I'd like to know what IBM DFDL produces as the infoset for this example.


I believe the DFDL spec is actually self-contradictory and so ambiguous here about what is the right behavior.


  • DFDL Spec 14.2.1 description of anyEmpty: "...any occurrences that have zero length representation MAY be omitted from the data, along with their associated separator."
    • Note that it says "may", not "must be". So anyEmpty is "lax" in insisting that the zero-length elements aren't present.
    • This doesn't clarify anything for us.

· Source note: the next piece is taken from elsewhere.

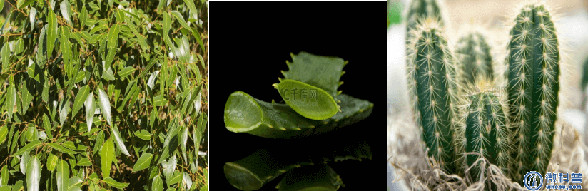 相对“开源”而言,“节流”同样是植物面对干旱逆境时的重要策略。植物的水分大多通过叶片表面的气孔以水蒸气的形式蒸腾,一些植物则会通过改变叶片形态的方式,减少蒸腾作用,达到“节流”效果。以桉树为代表的桉属植物在叶片表面进化出一层蜡质,保水抗紫外线;一些生长在季风气候地区的多肉植物如芦荟、龙舌兰等,则将叶片进化出储水功能,雨季时吸水供旱季使用;而仙人掌则更为极端,直接将叶片退化为刺,最大程度上减少水分蒸腾。
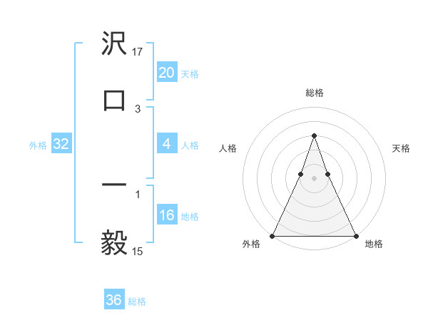 沢口 一毅さんの外格は32画の5点!

But it admits the possibility that the ";" separator appears even if the 'y' element occurrence is determined to not exist. 

  • DFDL Spec 9.3.1.1 says an element is known to exist if it has the nil, empty, or normal representation
    • In the example, element 'y' is zero-length which is either empty or normal representation since a string can have "" (empty string) as a value.
    • Since the 'y' element decl does not specify a XSD default value, the concept of 'empty' and defaulting doesn't apply here, so a zero-length string is a normal representation, and according to this section, it is known-to-exist.  
    • This contradicts 9.4.2.2 below.

  • DFDL Spec 9.3.1.3 says "Note: based on the above, when processing a sequence for which a separator is defined, the presence of a match in the data for the separator is not sufficient to cause the parser to determine that an associated component is known-to-exist." It then refers you to 14.2.1
    • I don't think this changes anything. Again it just admits that the separator ";" can appear even without the following element. I.e., I think it just allows for lax processing of excess separators.

  • DFDL Spec 9.4.2 Element Defaults When Parsing - Subsection 9.4.2.2      Simple element (xs:string or xs:hexBinary)  (Emphasis below is mine)
    • Here's the excerpted text:
      • "Required occurrence: If the element has a default value then an item is added to the infoset using the default value, otherwise an item is added to the Infoset using empty string (type xs:string) or empty hexBinary (type xs:hexBinary) as the value. Optional occurrence: If dfdl:emptyValueDelimiterPolicy is not 'none'[12] then an item is added to the Infoset using empty string (type xs:string) or empty hexBinary (type xs:hexBinary) as the value, otherwise nothing is added to the Infoset.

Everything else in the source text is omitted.